# Can't Find 'PVC' for Guide-On Posts



## RivRunR (Jul 20, 2010)

The PVC on my guide-on posts is cracked in several places, and I'd like to replace it with the same type of PVC that's on there now...which is *NOT* schedule 40 PVC like you can get from Lowe's...it's a thinner diameter material.

And, just to be even more picky, I'd like to use black...like these posts at Cabela's : Cabela's Post Guide-Ons.

I've googled til I'm blue in the face and all I can find is the complete guide-ons, not just the tubes.

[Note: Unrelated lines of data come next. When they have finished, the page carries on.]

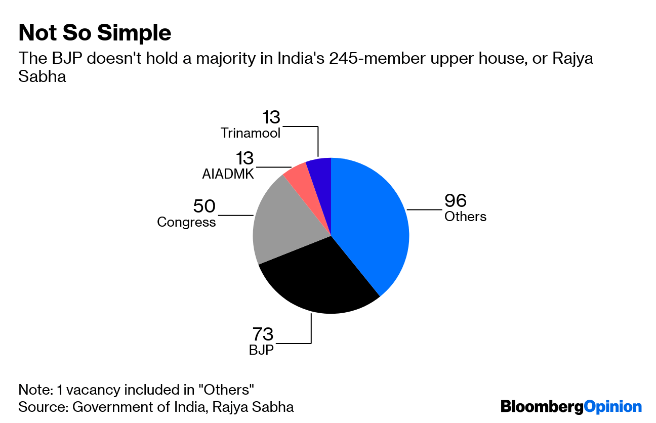 Despite the impressive show Modi and his party put up in the lower-house elections, they don’t have a majority in the upper house of India’s parliament. Numbers move more slowly in the Rajya Sabha, with a third of members retiring every two years. That means that passing legislation such as a land-acquisition bill, which is crucial to speed up infrastructure development, will remain a tough ask until at least 2020.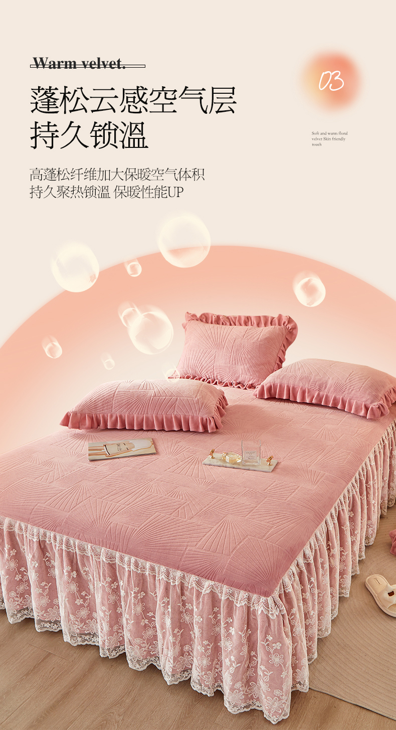 商品名称:宜凡 2023新款烂花牛奶绒床裙三件套 锦绣-柔粉
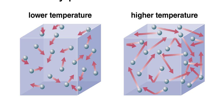 Temperature is the average kinetic energy of the many particles is a substance.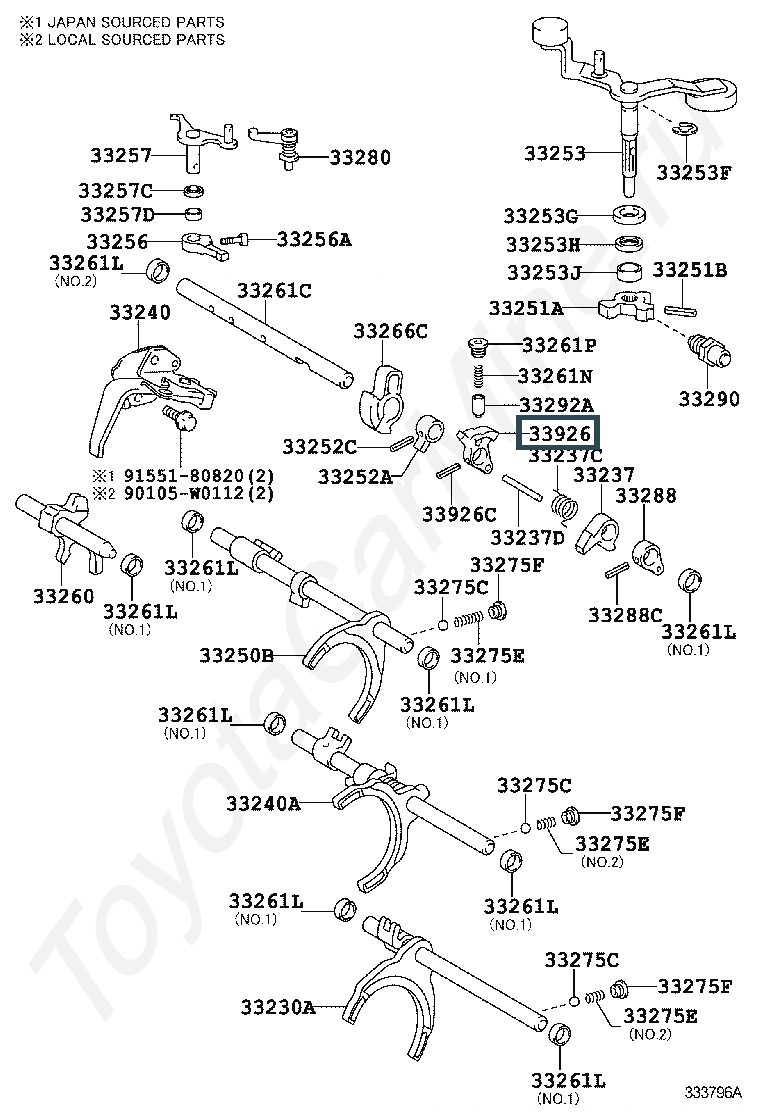 33926-0D011, LEVER, SHIFT INNER, FRONT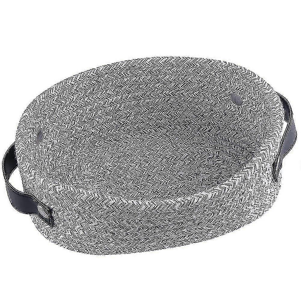 Small Woven Basket For Storage Oval Rope Coil Baskets With Handle Mini Cotton Basket Little Organizer Bins Hamper Nursery Room For Kids Baby Dog Toy G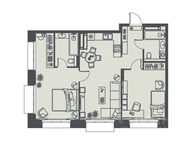 Для семьи квартира позволяет организовать пространство как для общих, семейных встреч, так и индивидуальные зоны!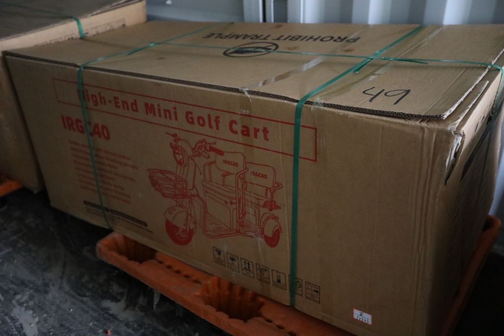 New 2025 mini three wheeled golf cart model IRGC40, battery operated, two passengers.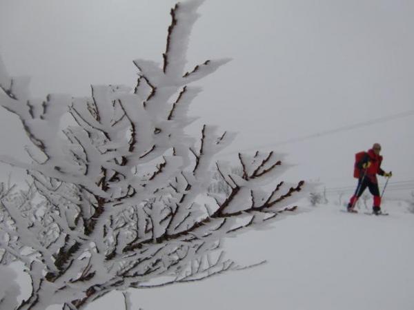 踏み抜く雪でしたが、「タブスのスノーシュー」を履いていたので快適に登れました。

Anybody got any idea / source where these types of tubes can be found?

Thanks!

RR


----------



## ACarbone624 (Jul 20, 2010)

There is a thin walled PVC you can buy. We buy some occasionally for work at out local irrigation supply store. Its probably half the thickness of regular schedule 40 PVC. You can always spray paint it black.


----------



## Brine (Jul 20, 2010)

ask Cabela's


----------



## Quackrstackr (Jul 20, 2010)

Farm stores, building supply stores, places that sell irrigation equipment, even our Lowe's has it.


----------



## Zum (Jul 20, 2010)

ABS is similar to PVC,it's black.
I think it's just as thick as PVC though.


----------



## malaki (Jul 20, 2010)

mobile homes use the black abs plumbing. might be able to get some used stuff from sombody scrapping one out.


----------



## wis bang (Aug 7, 2010)

They sell a thinner PVC for drain lines, I've seen 4" & 3" @ home depot w/ fittings for making downspouts connect to French drains...check and see if they have it in 2".


----------